L'AFRIQUE N'A PAS BESOIN DE TUTEUR
Par quels tours de passe-passe la Françafrique survit-elle à toutes les annonces de décès ? Entretien avec Thomas Deltombe, co-auteur de "L'Empire qui ne veut pas mourir", aux éditions du Seuil, qui retrace 70 ans d'histoire entre l'Afrique et la France

« Je veux signer l'acte de décès de la Françafrique », disait un ministre de Nicolas Sarkozy en 2008. Après lui, sont venus François Hollande et Emmanuel Macron, qui ont annoncé, eux aussi, la mort de la Françafrique. Mais aujourd'hui, un ouvrage, « L'Empire qui ne veut pas mourir », publié aux éditions du Seuil, affirme le contraire. Par quels tours de passe-passe la Françafrique survit-elle à toutes les annonces de décès ? L'essayiste Thomas Deltombe est l'un des auteurs de cet ouvrage collectif, qui retrace 70 ans d'histoire entre l'Afrique et la France.

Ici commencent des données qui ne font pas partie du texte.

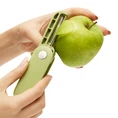 Izvēloties salokāms dārzeņu mizotājs FLEXPEEL, jūs iegūstat augstas kvalitātes instrumentu ar asu nerūsējošā tērauda asmeni. Tērauds nodrošina nevainojamu un vieglu mizošanas procesu dažādiem dārzeņiem un augļiem, saglabājot asumu ilgtermiņā un neietekmējot produktu garšas īpašības. Izturīgais plastmasas korpuss ir ergonomiski veidots, lai ērti iegultu plaukstā, nodrošinot stabilu satvērienu un kontroli pat strādājot ar mitrām rokām. Spilgti zaļā krāsa ne tikai piešķir virtuvei enerģisku akcentu, bet arī padara mizotāju viegli pamanāmu starp citiem piederumiem.

Il répond aux questions de Christophe Boisbouvier.
Pourquoi dites-vous que la politique africaine du prestidigitateur Emmanuel Macron vous fait penser à celle d’un autre prestidigitateur, Charles de Gaulle en 1960 ?
Thomas Deltombe : Plus exactement, il nous fait penser à des tours de passe-passe plus anciens. Le parallèle plus évident encore, c’est celui de la politique coloniale de François Mitterrand dans les années 1950, avant même celle du général de Gaulle.

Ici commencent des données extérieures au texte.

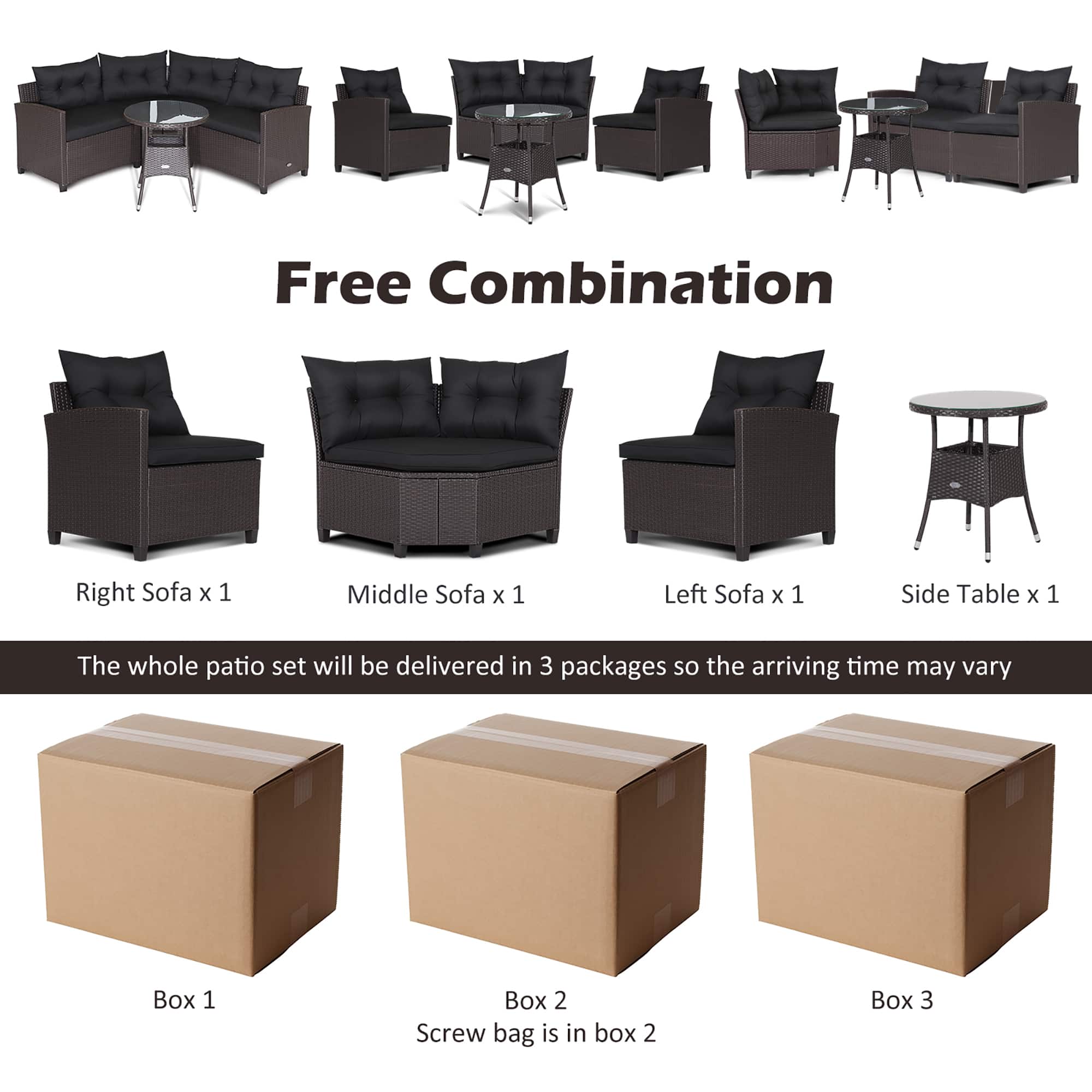 - A:Answer The patio set will be delivered in three separate packages.

Quand François Mitterrand est ministre de l’Outre-mer…
Absolument. François Mitterrand, beaucoup de gens l’ont oublié, il était notamment ministre de la France d’Outre-mer en 1950-1951 et il s’est engagé dans une politique qui, à mon sens, ressemble d’une certaine façon à celle d’Emmanuel Macron aujourd’hui, c’est-à-dire une politique qui vise à réformer un système, à l'époque le système colonial, et aujourd’hui ce qu’on pourrait qualifier de système néocolonial, non pas pour faire disparaître ce système colonial ou néocolonial, mais au contraire pour les faire perdurer.
Si Félix Houphouët-Boigny n’avait pas existé, est-ce que la Françafrique aurait été un système aussi solide et aussi souple à la fois, c’est-à-dire un système aussi pérenne ?

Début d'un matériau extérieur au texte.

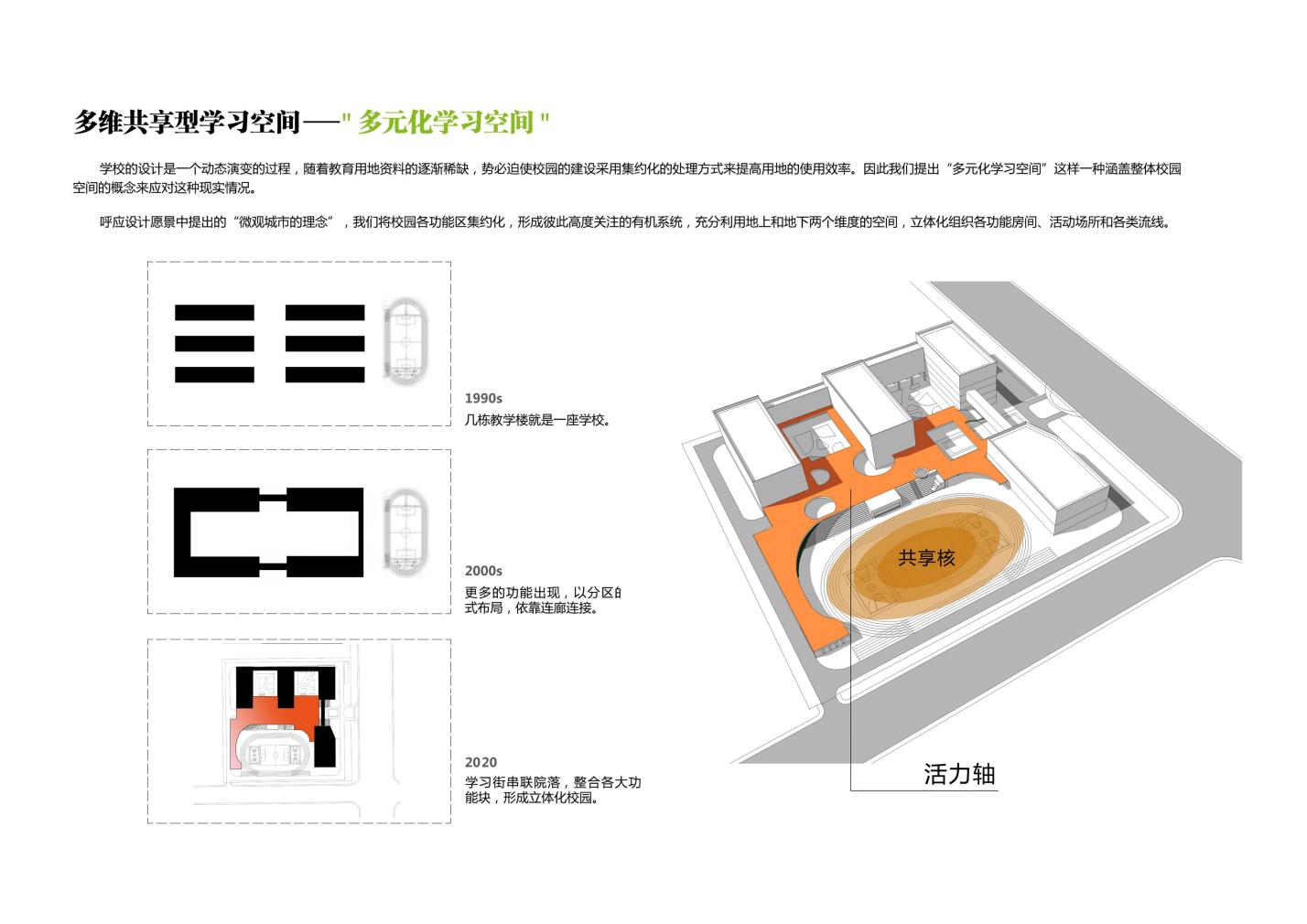 “雙地下”概念是將操場(chǎng)以下的土地進(jìn)行有效利用,將2F綜合樓地下以及操場(chǎng)地下一層作為食堂使用,內部包含廚房以及教職工食堂,建筑面積為5460平方,可容納3000人。將食堂的北側以及西側設置6M以上寬的下沉庭院,解決食堂的采光通風(fēng)問(wèn)題,也結合樓梯踏步與景觀(guān)設計增加學(xué)生的趣味性。第二個(gè)地下就是學(xué)校西側地下一層作為教師的內部停車(chē)庫,可停放200輛車(chē)輛,面積為7500平,操場(chǎng)的地下二層設置地下接送系統,作為家長(cháng)接送孩子的專(zhuān)用停車(chē)庫,可停放160輛車(chē)輛,面積為5200平方,內部設置閘機,家長(cháng)等候區,閱讀區,學(xué)生刷卡出校后家長(cháng)手機會(huì )接收到短信,便捷的接送到孩子。緩解了學(xué)生上下學(xué)學(xué)校附近的交通壓力。

C’est incontestablement un personnage clé sur la façon dont les colonies françaises d’Afrique subsaharienne ont accédé à une certaine forme d’indépendance, une indépendance atrophiée au tournant des années 1960. Et le duo Houphouët-Foccart [Alain Foccart, secrétaire général de l'Élysée aux affaires africaines et malgaches de 1960 à 1974] a été évidement structurant. Nous, pour cette phase des indépendances qu’on appelle « les indépendances en trompe-œil », on parle d’un « néocolonialisme contre-subversif », c’est-à-dire un colonialisme qui permet en fait de réprimer les mouvements qui cherchaient véritablement à acquérir une indépendance totale. Et comme le disait le Premier ministre français Michel Debré à l’époque, l’indépendance ne va pas sans la mise en place d’un mécanisme de coopération. Et Charles de Gaulle, dans ses mémoires, dit tout à fait cela : il y a une continuité entre la colonisation et la coopération.